Commutation relations of sl2

Question

Let $V$ be a vector space with basis $\{V_I\}$ indexed by all the subsets $I$ of $\{1,2,\cdots,n\}$ (including empty set). Thus $V$ has dimension $2^n$.

Question: V becomes a representation of Lie algebra $sl_2$ if we set $$e(v_I)= \sum_{{I \subset J}_{|J\setminus I|=1}}v_J,\quad f(v_I)= \sum_{{K \subset I}_{|I\setminus K|=1}}v_K , \quad h(v_I) = (2|I|-n)v_I$$

I know that I have to get $$[e,f]=h, \quad [h,e]=2e , [h,f]= -2f$$ and I started with $$[e,f](v_I) = e(f(v_I))- f(e(v_I))$$ to see if I will get the desired commutation relations but I end up getting $e,f]=0$ . Any help to bail me out will be much appreciated. I know if I see how one of the commutation relations work< I can figure out the remaining 2. Thanks.

Answer 1

The first and most obvious thing is to observe that both $e(f(v_I))$ and $f(e(v_I))$ are linear combinations of vectors $v_{I'}$ with $|I|=|I'|$. This is because $e$ adds one element to $I$, and $f$ removes one. Also, if $v_{I'}$ appears in either $e(f(v_I))$ or $f(e(v_I))$, then the symmetric difference $$ I\,\Delta\, I'=(I\setminus I')\cup (I'\setminus I) $$ is either the empty set (when $I=I'$), or it has exactly two elements, say $i\in I\setminus I'$ and $j\in I'\setminus I$.

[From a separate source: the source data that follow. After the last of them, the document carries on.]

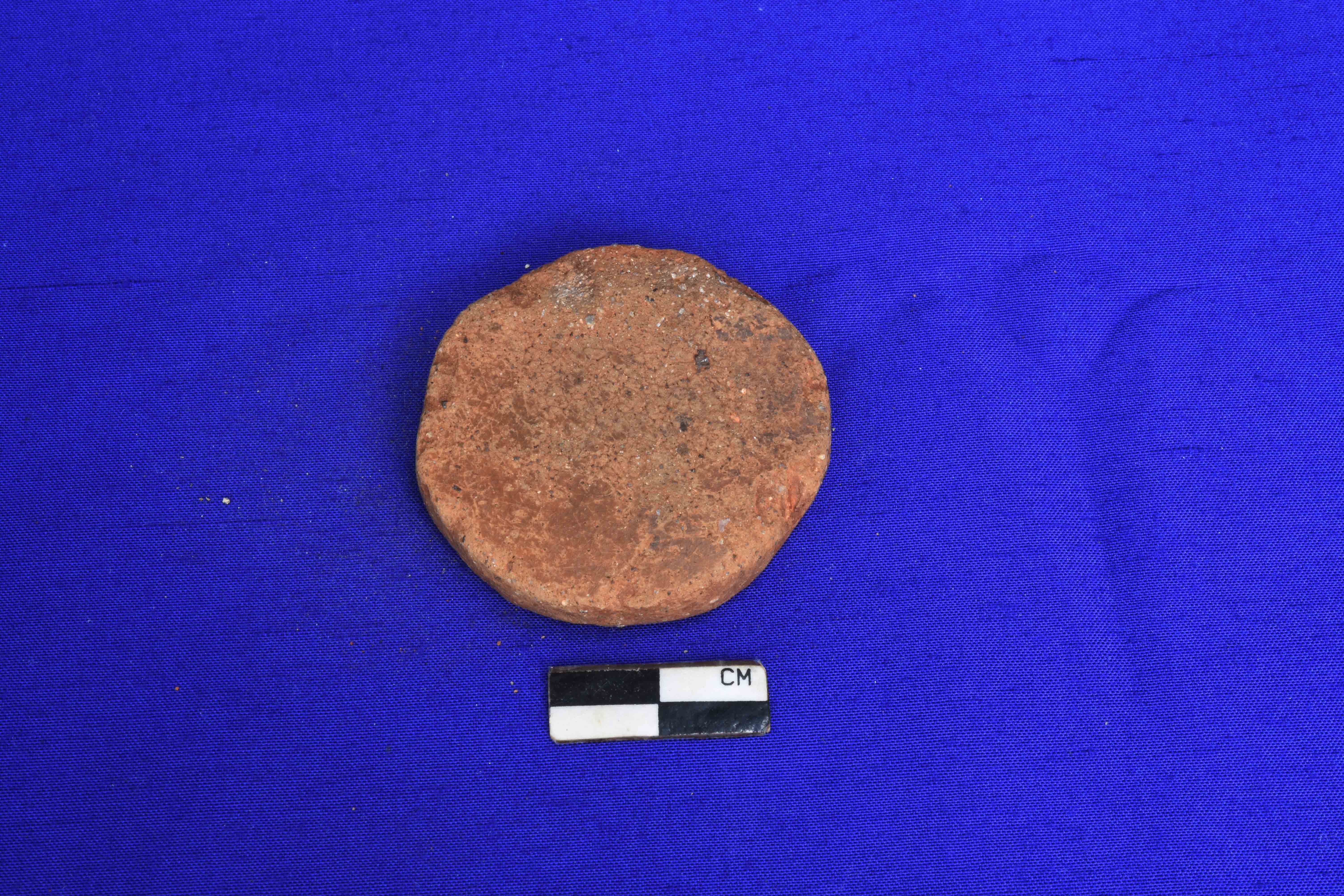 It is a terracotta hopscotch with one side being smooth and other side is rough. Sand particles are clearly visible over the surface. one side of periphery is thinner than other.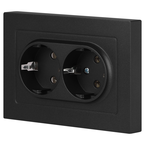 Розетка двойная с заземлением серии Intro Accent скрытой установки цвет антрацит 6-205-05. Номинальные характеристики 16А 250В. Выполнена из негорючего термопласта, оснащена винтовыми клеммами. Парные клеммы обеспечивают соединение шлейфом. Монтаж в подрозетник производится и на лапки, и на винты.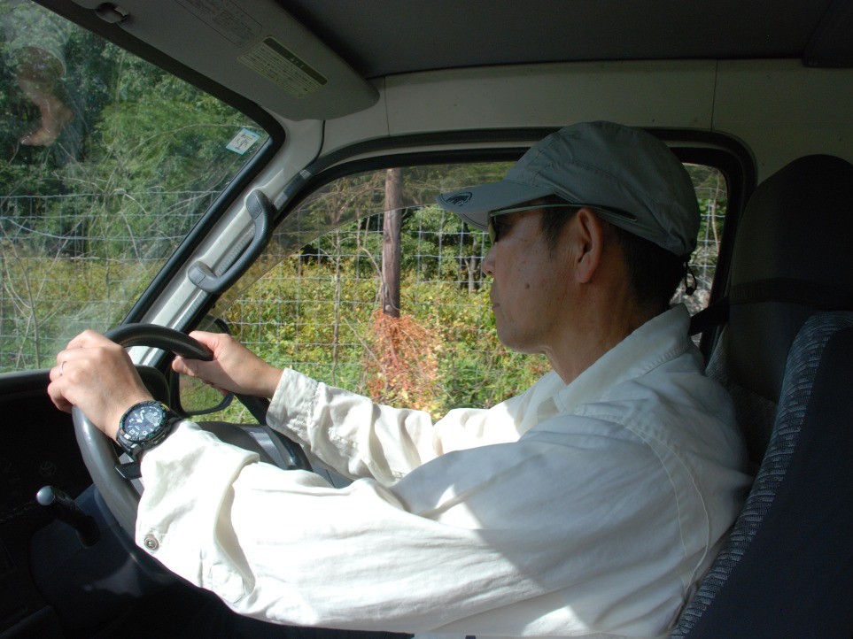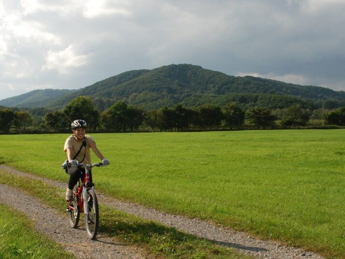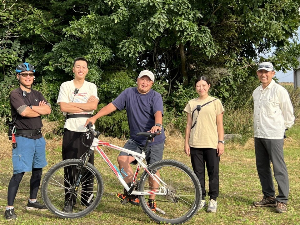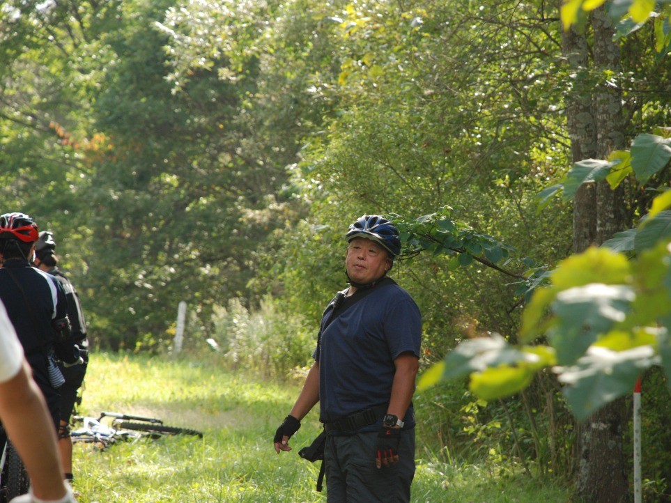 農道や林道、草原の道など全10kmほどのルートを走ります。今回は吉田さんも含めて、計4名のガイドがマウンテンバイクにまたがり、参加者を先導、サポートします。午前のカヌーツアーでガイドを担当した石川さんはサポートカーの運転手を務めます。

• In the latter case we have no choice: $e$ must have added $j$ to $I$, $v_{I\cup\{j\}}$ appears in $e(v_I)$, and $f$ must have removed $i$ from $I\cup\{j\}$ meaning that $v_{I'}$ appears in $f(e(v_I))$ with coefficient $1$. But, the exact same thing must have happened in $e(f(v_I))$. Therefore $v_{I'}$ disappears from $[e,f](v_I)$.
• OTOH, when $I'=I$ we have more options. In $f(e(v_I))$ the action of $e$ can add any of the $n-|I|$ numbers not in $I$ to it. Then $f$ removes the added number. Consequently $v_I$ appears with coefficient $n-|I|$ in $f(e(v_I))$. Similarly, in $e(f(v_I))$ the operator $f$ can remove any of the $|I|$ elements from it as long as $e$ puts it back in. Therefore $v_I$ appears with coefficient $|I|$ in $e(f(v_I))$.

Putting the above bullets together we see that $$ [e,f](v_I)=(2|I|-n)v_I=h(v_I) $$ as claimed.

Answer 2

Could you please see what I am doing wrong below? Let say $V$ is a vector space with basis $$\{v_{\emptyset}, v_{\{1\}}, v_{\{2\}}, v_{\{1,2\}} \}$$ indexed by all the subsets $\{1,2\}$. This case $n=2$. I still had trouble seeing that $$[h,e](v_{\{1\}})=2e v_{\{1\}}.$$

I started by seeing what looks like. Observe that $$[h,e](v_{1})= h(e(v_{\{1\}}))- e(h(v_{\{1\}}))= h(v_{\{1\}}+ v_{\{1,2\}})-e((2(1) -2)v_{\{1\}})$$ $$= h(v_{\{1\}})+h( v_{\{1,2\}}) = 0 + [2(2)-2]v_{\{1,2\}} = 2 v_{\{1,2\}} \neq 2v_{\{1\}}$$

Thanks. I am sure if this part can be clarified, then I should be fine. My problem is I dont know how the summation given above works.